`You are ill and overwrought,' he said; `believe me, you're exaggerating dreadfully. There's nothing so terrible in it.'

And Stepan Arkadyevich smiled. No one else in Stepan Arkadyevich's place, having to do with such despair, would have ventured to smile (the smile would have seemed brutal); but in his smile there was so much of sweetness and almost feminine tenderness that his smile did not wound, but softened and soothed. His gentle, soothing words and smiles were as soothing and softening as almond oil. And Anna soon felt this.

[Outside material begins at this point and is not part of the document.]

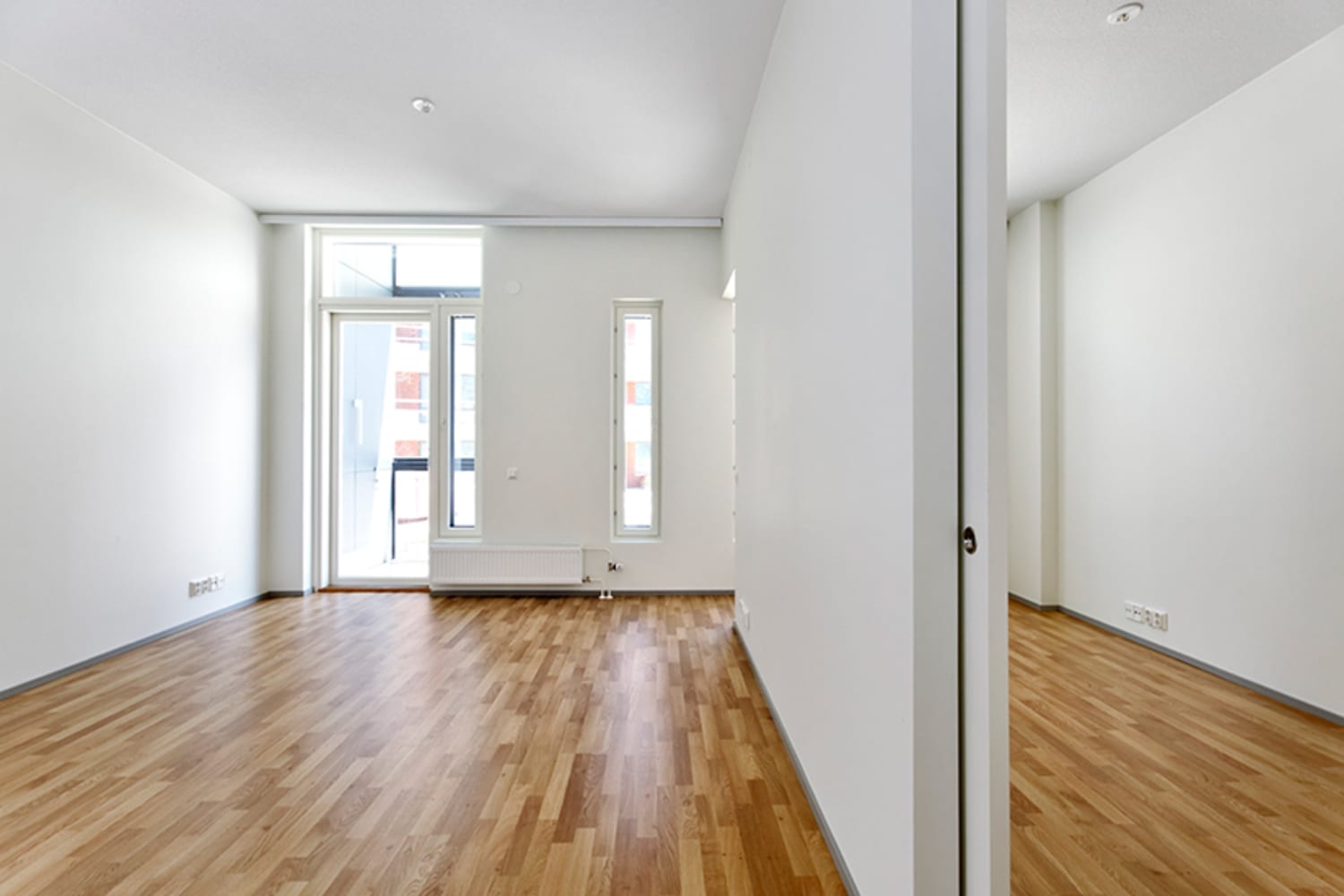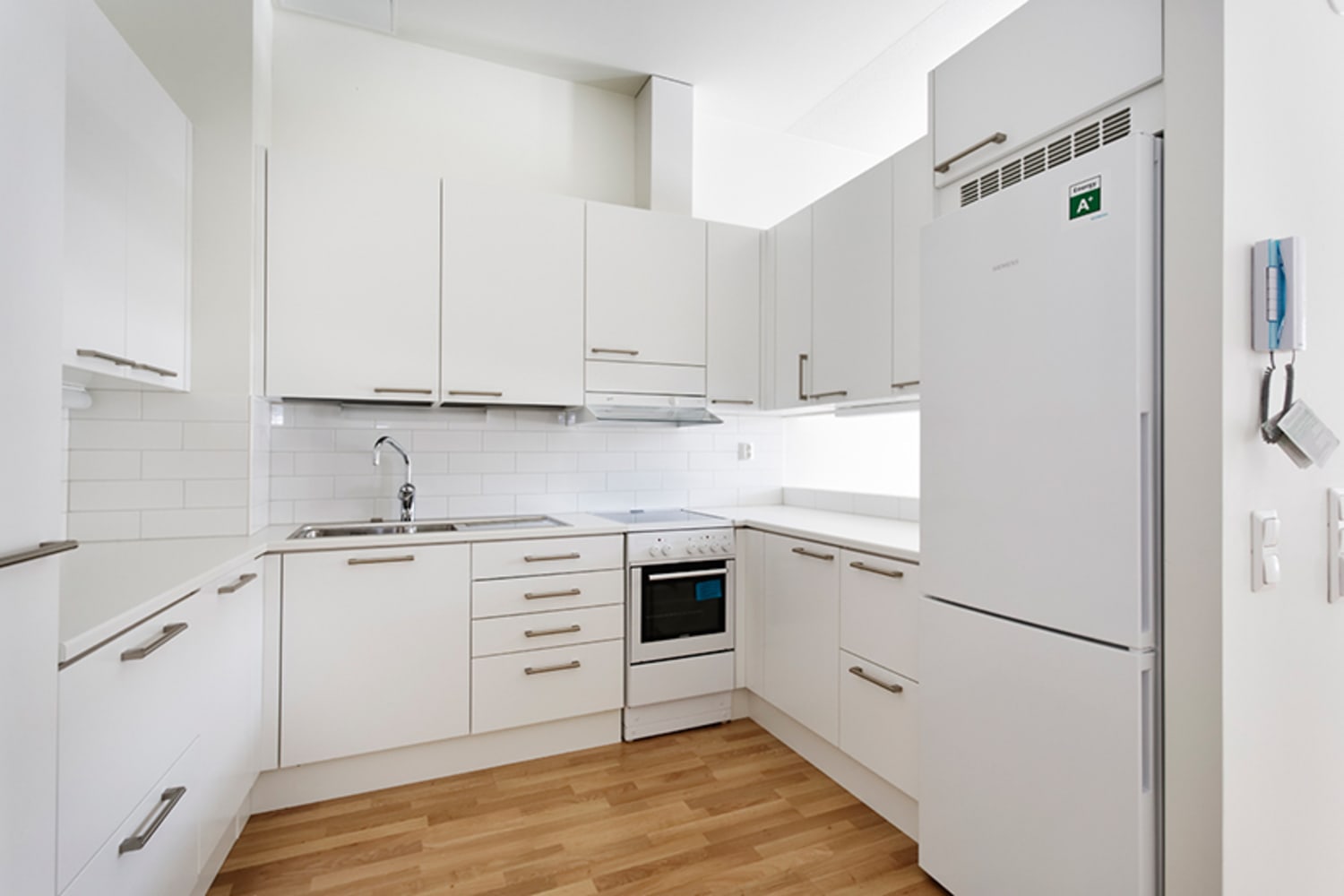 Koti korttelin keskellä. Etsitkö vuokra-asuntoa, jossa yhdistyvät skandinaavinen vaaleus, kompakti pohjaratkaisu ja ilmava huonekorkeus? Tässä on koti, johon kannattaa tutustua! Noin kolmeen metriin kohoava katto korostuu korkeiden ikkunoiden ansiosta, hyvin varusteltu keittokomero viehättää valkoisilla pinnoillaan ja makuuhuoneen sisustamista helpottaa liukuovellinen vaatekomero. Lasitettu parveke antaa aamuaurinkoon pihan puolelle. Asuinhuoneissa on helppohoitoiset tammilaminaattilattiat. Kylpyhuoneessa on pehmeän tummanharmaa lattialaatoitus ja seinissä pelkistetty valkoinen kaakelointi. Keittokomeron kaapistot ovat sileäpintaiset ja valkoiset, työtasot valkoista taivereunaista laminaattia ja puhtaan ilmeen täydentää valkoinen kiiltävä kalustevälikaakelointi. Varusteina jää-pakastinkaappi, keraaminen liesi sekä kalusteisiin integroitu astianpesukone.

`No, Stiva,' she said, `I'm lost, lost! Worse than lost! I can't say yet that all is over; on the contrary, I feel that it's not over. I'm an overstrained cord that must snap. But it's not ended yet... And it will have a fearful end.'

`No matter, we must let the cord be loosened, little by little. There's no position from which there is no way of escape.'

`I have thought, and thought. Only one...'

Again he knew from her terrified eyes that this one way of escape in her thought was death, and he would not let her say it.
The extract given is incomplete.